What’s the main RAM memory consumption of the above graph?
Each Sort Action consumes 5 GB RAM: Since these two Sort Actions are running in parallel, the total RAM memory consumption of this graph is 5GB+5GB=10GB. The same graph executed on 1 CPU (i.e. without the Multithread Actions) consumes only 5GB RAM.
When you are executing in parallel some Anatella graph, the total RAM memory consumption usually increases substantially (compared to the “1-CPU-execution”). In the above example, the memory consumption for the “parallel” execution rises to 10 GB, compared to only 5GB for the simple, “sequential” execution.
If the total RAM memory consumption exceeds the amount of physical RAM inside your computer, then you are in trouble because MSWindows will be forced to “swap” (also named “paging”). When MSWindows “swaps” all processing speed is divided by 100 or more: The computation becomes so slow that it’s better to stop all computation and re-design your data-transformation-graph to use less RAM.
You can check the total physical RAM memory available to you and the memory consumption of your Anatella graphs, by looking at the MSWindows “Task Manager”.
To run the MSWindows “Task Manager”, right-click the MSWindows Taskbar and select “Start Task Manager”:
The amount of total physical RAM memory available to run your graphs is visible here:
In the above example, I still have 7572 MB ≈ 7.5 GB of Available Physical RAM memory to run my Anatella graphs. When you start your data-transformation-graph, Anatella start consumming some RAM memory and the amount of Available Physical RAM memory decreases. When this amount drops to zero, MSWindows will start “swapping” and all computations (from the whole computer) nearly stop. You should avoid that!
The Actions that consume a great quantity of RAM memory are:
•The MultiJoin Action: This Action starts by loading into RAM memory all the Slaves tables (on pin 1 and above). If there are a great quantity of large slave tables, the MultiJoin Action will consume a great quantity of RAM.
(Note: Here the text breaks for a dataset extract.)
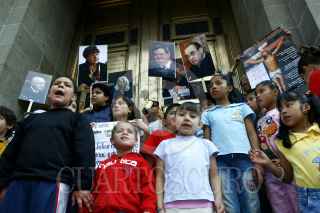 MÉXICO, D.F. 16DICIEMBRE2007.- Decenas de personas protestaron frente a la Suprema Corte de Justicia de la Nación debido al fallo ante el caso Lidya Cacho. Niños lanzaron huevos a las fotografías de los ministros y derramaron cognac a la estrada de la SCJN. FOTO: PAOLA HIDALGO/CUATOSCURO.COM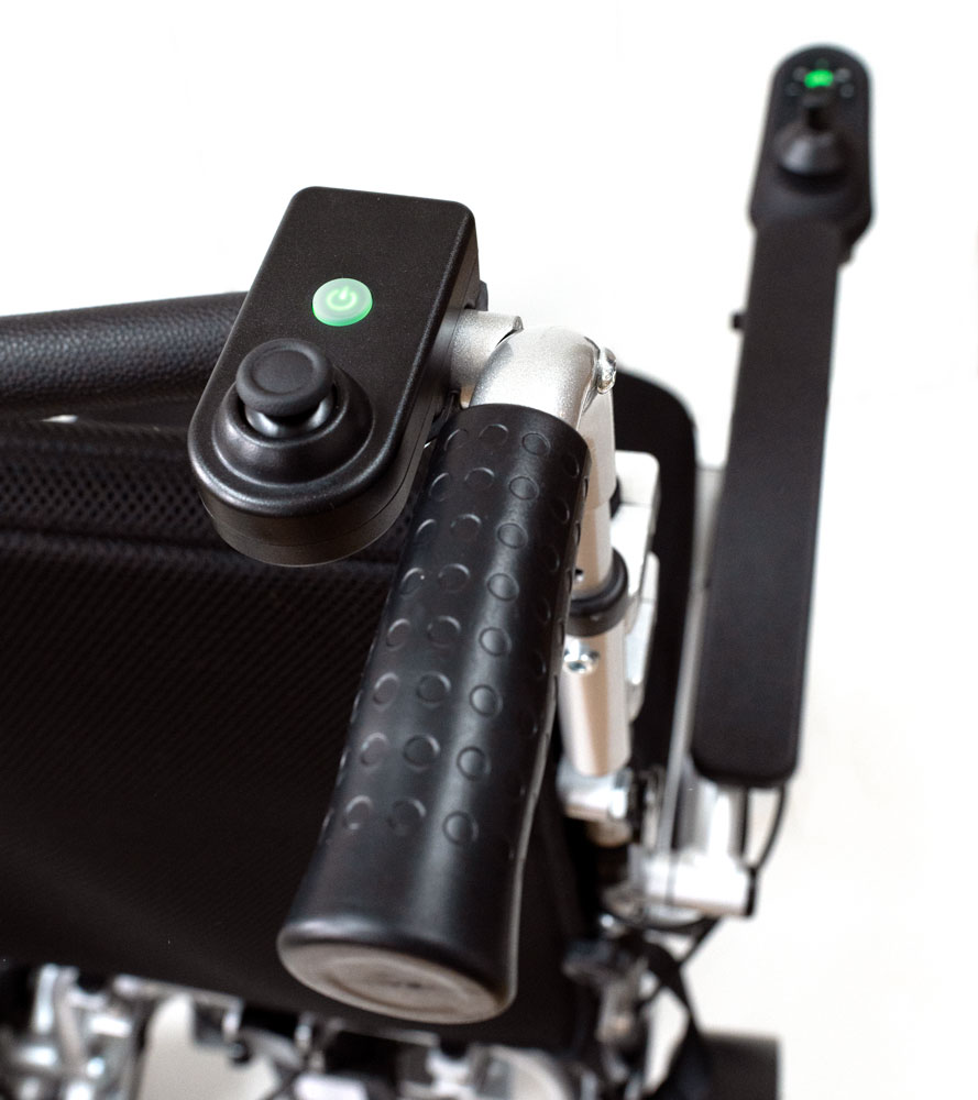 Das A-Modell gibt Ihnen die Flexibilität, das ideale Setup für Ihre Bedürfnisse zu wählen. Zum Beispiel kann der Joystick wie gewohnt auf der Armlehne bleiben, wenn Sie dies bevorzugen, so dass Sie bei Bedarf wieder die Kontrolle übernehmen können. Der neue Joystick verfügt auch über ein Licht, das den Weg vor Ihnen beleuchtet. Diese Funktion kann allerdings nur genutzt werden, wenn Sie ohne die Begleitpersonensteuerung fahren.

•The FilterOnKey Action: This Action works in the same way as the MultiJoin Action: It start by leading into RAM memory the table on the second pin. If this table is large, then it will consume a large quantity of RAM.
•The Sort Action: To sort large table, you need a large “tape size”. It means creating a large buffer into RAM memory (that contains one tape data).
•The Aggregate Action (when the option “Use in-RAM algorithm for small output tables” is checked): All the output tables (i.e. all the “aggregates”) must fit into RAM memory.
•Most of the Actions for “Graph Mining” are loading the whole graph to analyze into RAM memory. If this graph is large, then it will consume a large quantity of RAM. These Actions include the CommunityDetection Action, the NodeAnalysis Action, the SignificanceLevel Action, the Leadership Action.
•Most of the Actions for “Operational Research” are loading the whole table to analyze into RAM memory. If this table is large, then it will consume a large quantity of RAM. These Actions include the KNN Action and the DatasetReduction Action and the AssignmentSolver Action.
You should pay extra attention to RAM memory consumption when the above Actions are running in parallel. If you exceed the total amount of Available Physical RAM memory of your computer, all computations will slow down radically.